DIRECTIONS FOR THIS TASK
From the line with "a detailed illustration" to the line with "NECKLACE, 18K gold, eye, black", output every line below exactly, both ends included. Skip the pictures.

** DATA RECORDS follows **

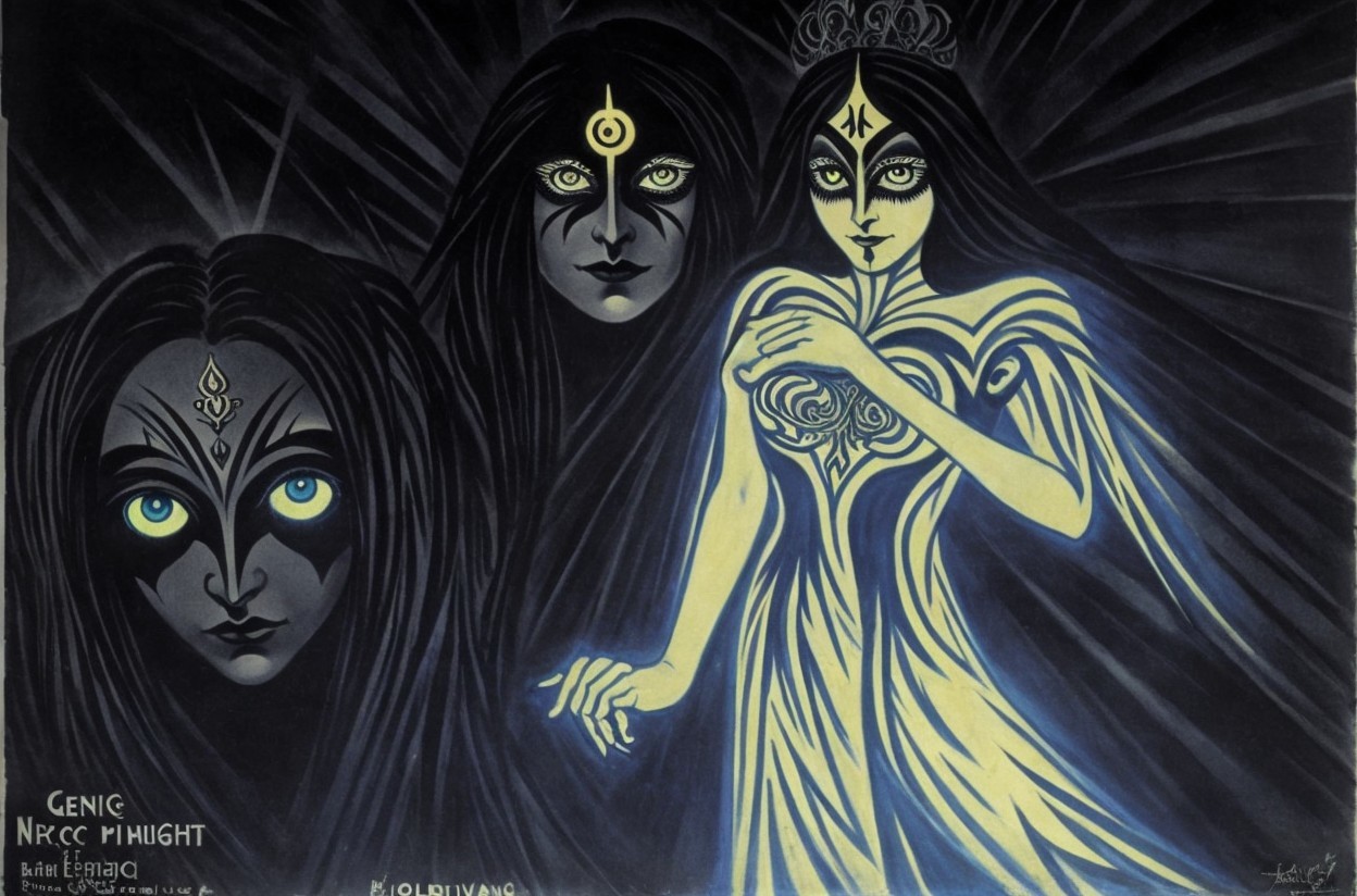 A vintage poster with two stylized women, featuring prominent eyes and mystical motifs, radiating with enigmatic energy. German expressionist film as inspiration.
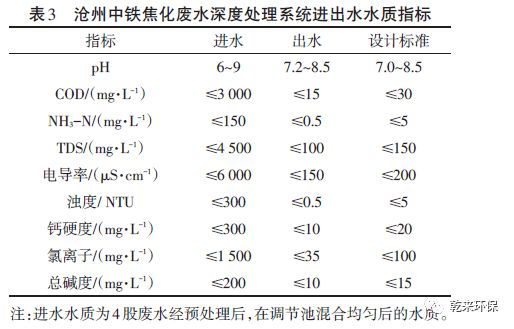 2.1.3 處理效果:水廠自2013年10月全線通水以來,已平穩(wěn)運(yùn)行超過3年,回用水水質(zhì)優(yōu)于國家標(biāo)準(zhǔn),完全達(dá)到業(yè)主規(guī)定的設(shè)計(jì)標(biāo)準(zhǔn)。焦化廢水深度處理系統(tǒng)主要控制的8項(xiàng)進(jìn)出水水質(zhì)指標(biāo)如表1所示。
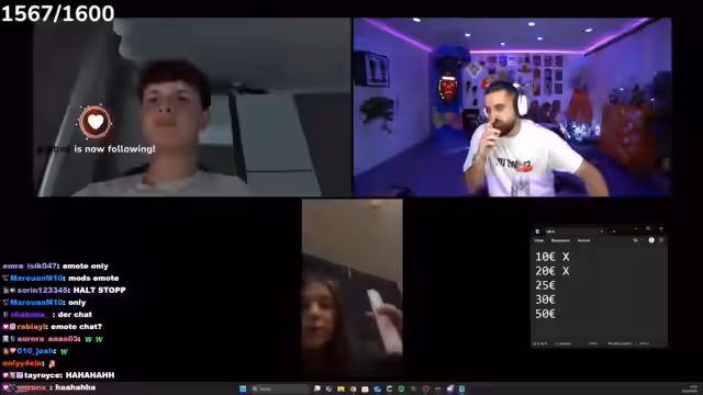 01:43:51Nach anfänglichen technischen Schwierigkeiten mit der Stream-Software und Alerts werden mehrere Runden des Spiels 'Split or Steal' vorbereitet. Der Streamer wählt die Teilnehmer wie Rex, Baran, Kilo und Markus aus, welche durch Follows, Geschenke und Abonnements ausgewählt wurden. Es werden erste Fragen gestellt, um das Spiel einzuleiten, wie zum Beispiel nach dem chemischen Symbol für Wasser. Das Ziel ist es, die Fragen zu beantworten, um das Preisgeld zu erhöhen.
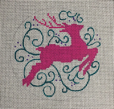 Gold Reindeer Round Hinged Box Canvas with Hardware Canvas 18 count 10 x 7 Designed by Funda Scully FS-R-29A
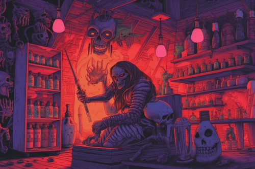 a detailed illustration sticker, scene takes place in a demonic massage studio in hell filled with crystals and bottles of essential oils, a giant evil demon is giving a lady a deep tissue massage --v 5.1 --ar 3:2
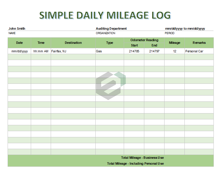 Download free excel template for capturing odometer readings for your business and personal vehicle tours
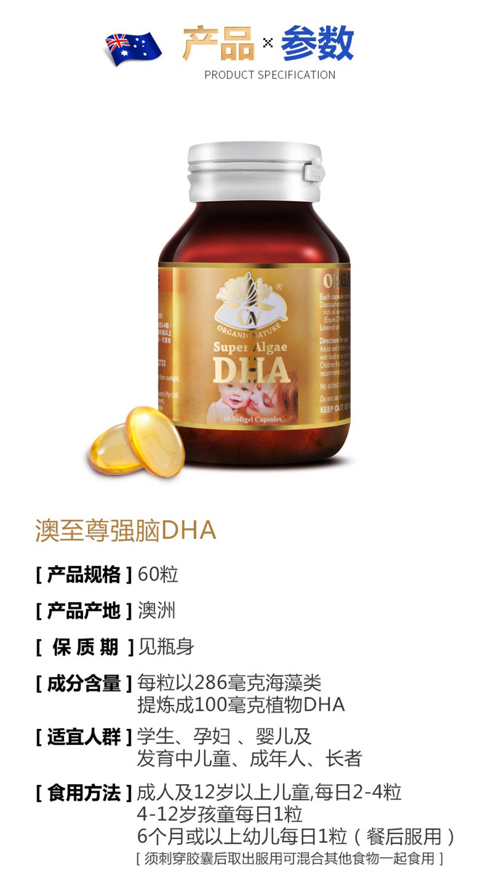 (香港直邮)澳至尊DHA婴幼儿儿童营养软胶囊60粒 保质期至2026-06-30
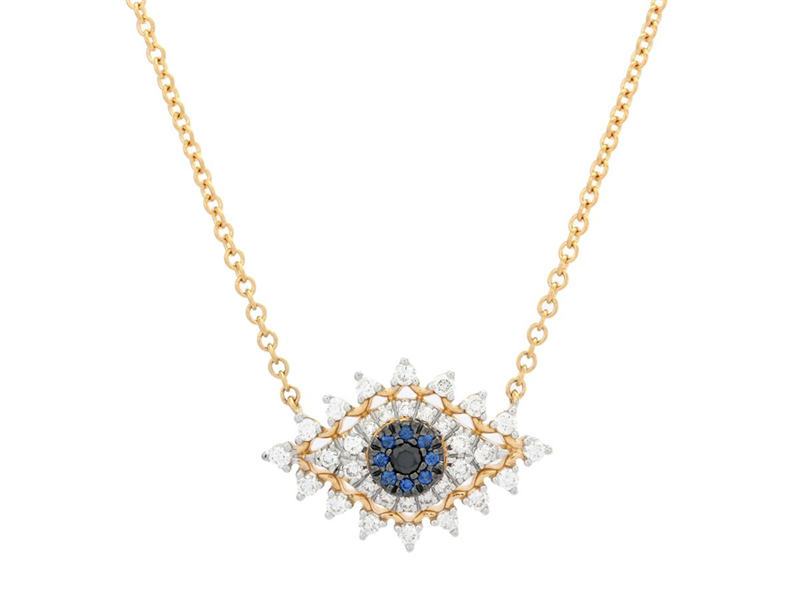 NECKLACE, 18K gold, eye, black brilliant cut diamond 0,03 ct, 8 round faceted sapphires 0,02 ctw, 32 brilliant cut diamonds 0,20 ctw, approx. TW-W/VS-SI, width 16,0 mm, length 40/42 cm, weight 3,3 g.
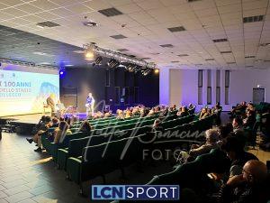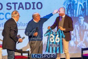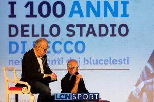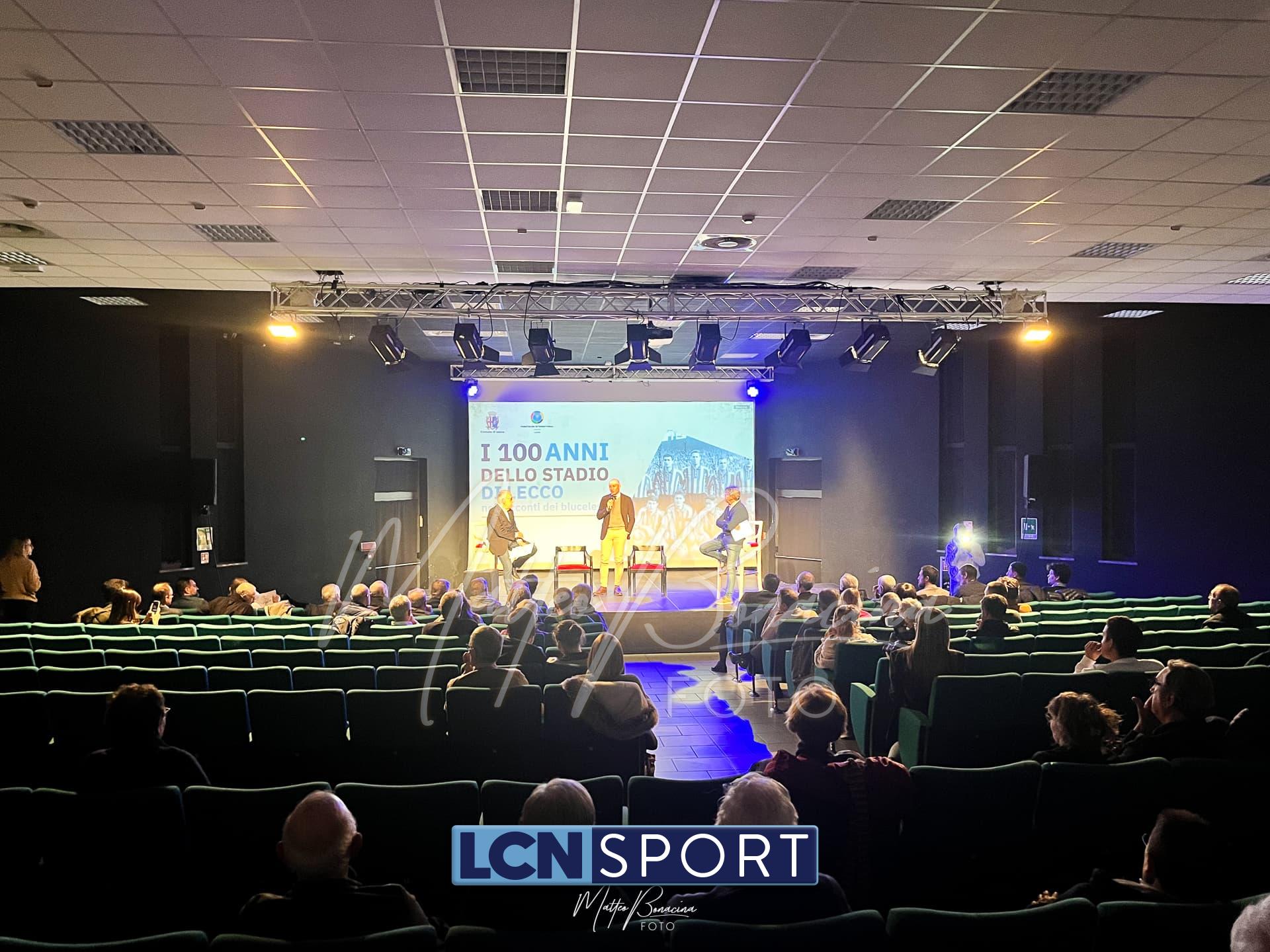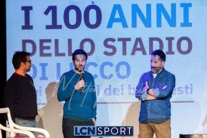 Tutti insieme per festeggiare nuovamente i 100 anni dello stadio “Rigamonti-Ceppi” di Lecco. Dopo l’apposizione della targa sul muro esterno dell’impianto, a Teatro Invito si è tenuta la serata amarcord, con i protagonisti blucelesti di oggi e degli anni passati a confronto sull’importanza del Tempio per il calcio nostrano, inaugurato il 15 ottobre 1922 e passato dalle molteplici modifiche che l’hanno portato alla forma attuale. Serata presentata da Marco Corti e Oscar Malugani, mentre in prima fila si è presentata la delegazione bluceleste composta da mister Luciano Foschi, Vedran Celjak, Matteo Battistini e Andrea Malgrati, oltreché dal responsabile della comunicazione Filippo Gianotti. Immancabile Gabriele “Lele” Ratti, con lo storico capitano e recordman di presenze Lorenzo Marconi e Mauro Borghetti al suo fianco.

** End of DATA RECORDS **

EXPECTED ANSWER
 a detailed illustration sticker, scene takes place in a demonic massage studio in hell filled with crystals and bottles of essential oils, a giant evil demon is giving a lady a deep tissue massage --v 5.1 --ar 3:2
 Download free excel template for capturing odometer readings for your business and personal vehicle tours
 (香港直邮)澳至尊DHA婴幼儿儿童营养软胶囊60粒 保质期至2026-06-30
 NECKLACE, 18K gold, eye, black brilliant cut diamond 0,03 ct, 8 round faceted sapphires 0,02 ctw, 32 brilliant cut diamonds 0,20 ctw, approx. TW-W/VS-SI, width 16,0 mm, length 40/42 cm, weight 3,3 g.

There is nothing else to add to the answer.